### Exercise directions
An exact transcription of all the data is required; the pictures are to be left out.

### Provided entries
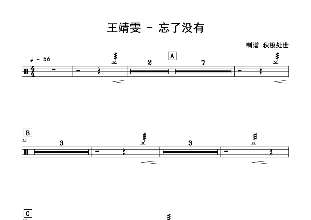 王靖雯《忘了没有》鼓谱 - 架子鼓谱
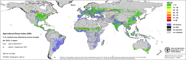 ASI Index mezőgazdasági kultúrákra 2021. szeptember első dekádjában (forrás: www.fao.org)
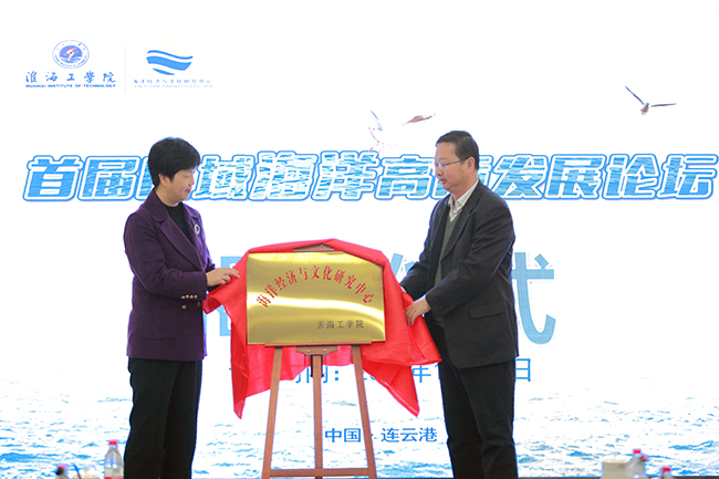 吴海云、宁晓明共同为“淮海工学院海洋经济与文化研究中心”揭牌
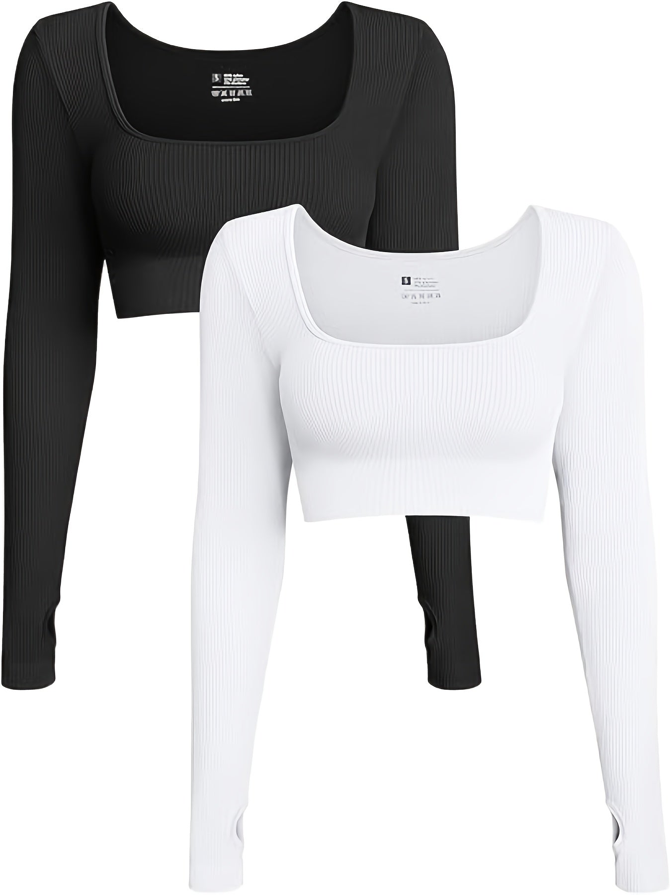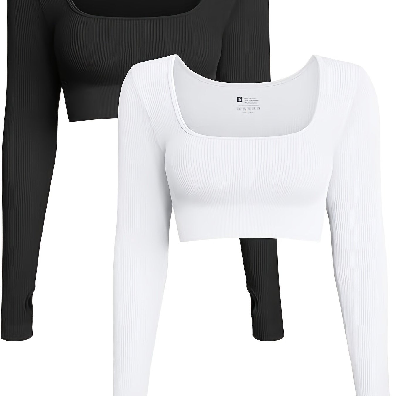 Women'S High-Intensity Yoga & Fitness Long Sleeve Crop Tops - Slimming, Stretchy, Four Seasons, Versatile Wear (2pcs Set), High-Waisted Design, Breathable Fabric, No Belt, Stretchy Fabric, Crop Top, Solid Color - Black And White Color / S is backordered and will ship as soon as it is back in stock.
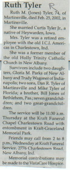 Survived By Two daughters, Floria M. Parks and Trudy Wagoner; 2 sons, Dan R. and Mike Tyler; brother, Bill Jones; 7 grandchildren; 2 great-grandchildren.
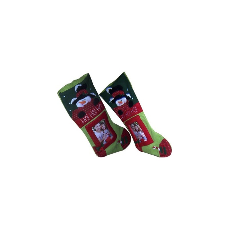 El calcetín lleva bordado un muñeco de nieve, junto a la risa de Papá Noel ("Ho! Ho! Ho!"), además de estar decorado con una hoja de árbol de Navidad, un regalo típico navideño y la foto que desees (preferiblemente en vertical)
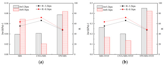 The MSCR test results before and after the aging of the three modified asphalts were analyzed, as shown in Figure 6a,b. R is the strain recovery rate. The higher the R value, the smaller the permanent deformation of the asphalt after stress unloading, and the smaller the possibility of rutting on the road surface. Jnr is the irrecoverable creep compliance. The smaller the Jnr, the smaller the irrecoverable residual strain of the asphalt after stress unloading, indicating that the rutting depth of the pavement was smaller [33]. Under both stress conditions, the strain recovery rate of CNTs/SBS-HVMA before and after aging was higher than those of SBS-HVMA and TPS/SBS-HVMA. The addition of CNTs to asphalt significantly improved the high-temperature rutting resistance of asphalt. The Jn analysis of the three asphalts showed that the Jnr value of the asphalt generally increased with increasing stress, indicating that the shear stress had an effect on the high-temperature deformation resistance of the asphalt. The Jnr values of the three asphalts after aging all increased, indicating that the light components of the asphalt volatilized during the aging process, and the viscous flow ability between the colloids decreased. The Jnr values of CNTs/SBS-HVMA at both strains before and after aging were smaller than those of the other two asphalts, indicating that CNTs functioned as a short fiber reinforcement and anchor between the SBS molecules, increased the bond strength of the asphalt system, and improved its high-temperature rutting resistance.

### Task answer
 王靖雯《忘了没有》鼓谱 - 架子鼓谱
 ASI Index mezőgazdasági kultúrákra 2021. szeptember első dekádjában (forrás: www.fao.org)
 吴海云、宁晓明共同为“淮海工学院海洋经济与文化研究中心”揭牌
 Women'S High-Intensity Yoga & Fitness Long Sleeve Crop Tops - Slimming, Stretchy, Four Seasons, Versatile Wear (2pcs Set), High-Waisted Design, Breathable Fabric, No Belt, Stretchy Fabric, Crop Top, Solid Color - Black And White Color / S is backordered and will ship as soon as it is back in stock.
 Survived By Two daughters, Floria M. Parks and Trudy Wagoner; 2 sons, Dan R. and Mike Tyler; brother, Bill Jones; 7 grandchildren; 2 great-grandchildren.
 El calcetín lleva bordado un muñeco de nieve, junto a la risa de Papá Noel ("Ho! Ho! Ho!"), además de estar decorado con una hoja de árbol de Navidad, un regalo típico navideño y la foto que desees (preferiblemente en vertical)
 The MSCR test results before and after the aging of the three modified asphalts were analyzed, as shown in Figure 6a,b. R is the strain recovery rate. The higher the R value, the smaller the permanent deformation of the asphalt after stress unloading, and the smaller the possibility of rutting on the road surface. Jnr is the irrecoverable creep compliance. The smaller the Jnr, the smaller the irrecoverable residual strain of the asphalt after stress unloading, indicating that the rutting depth of the pavement was smaller [33]. Under both stress conditions, the strain recovery rate of CNTs/SBS-HVMA before and after aging was higher than those of SBS-HVMA and TPS/SBS-HVMA. The addition of CNTs to asphalt significantly improved the high-temperature rutting resistance of asphalt. The Jn analysis of the three asphalts showed that the Jnr value of the asphalt generally increased with increasing stress, indicating that the shear stress had an effect on the high-temperature deformation resistance of the asphalt. The Jnr values of the three asphalts after aging all increased, indicating that the light components of the asphalt volatilized during the aging process, and the viscous flow ability between the colloids decreased. The Jnr values of CNTs/SBS-HVMA at both strains before and after aging were smaller than those of the other two asphalts, indicating that CNTs functioned as a short fiber reinforcement and anchor between the SBS molecules, increased the bond strength of the asphalt system, and improved its high-temperature rutting resistance.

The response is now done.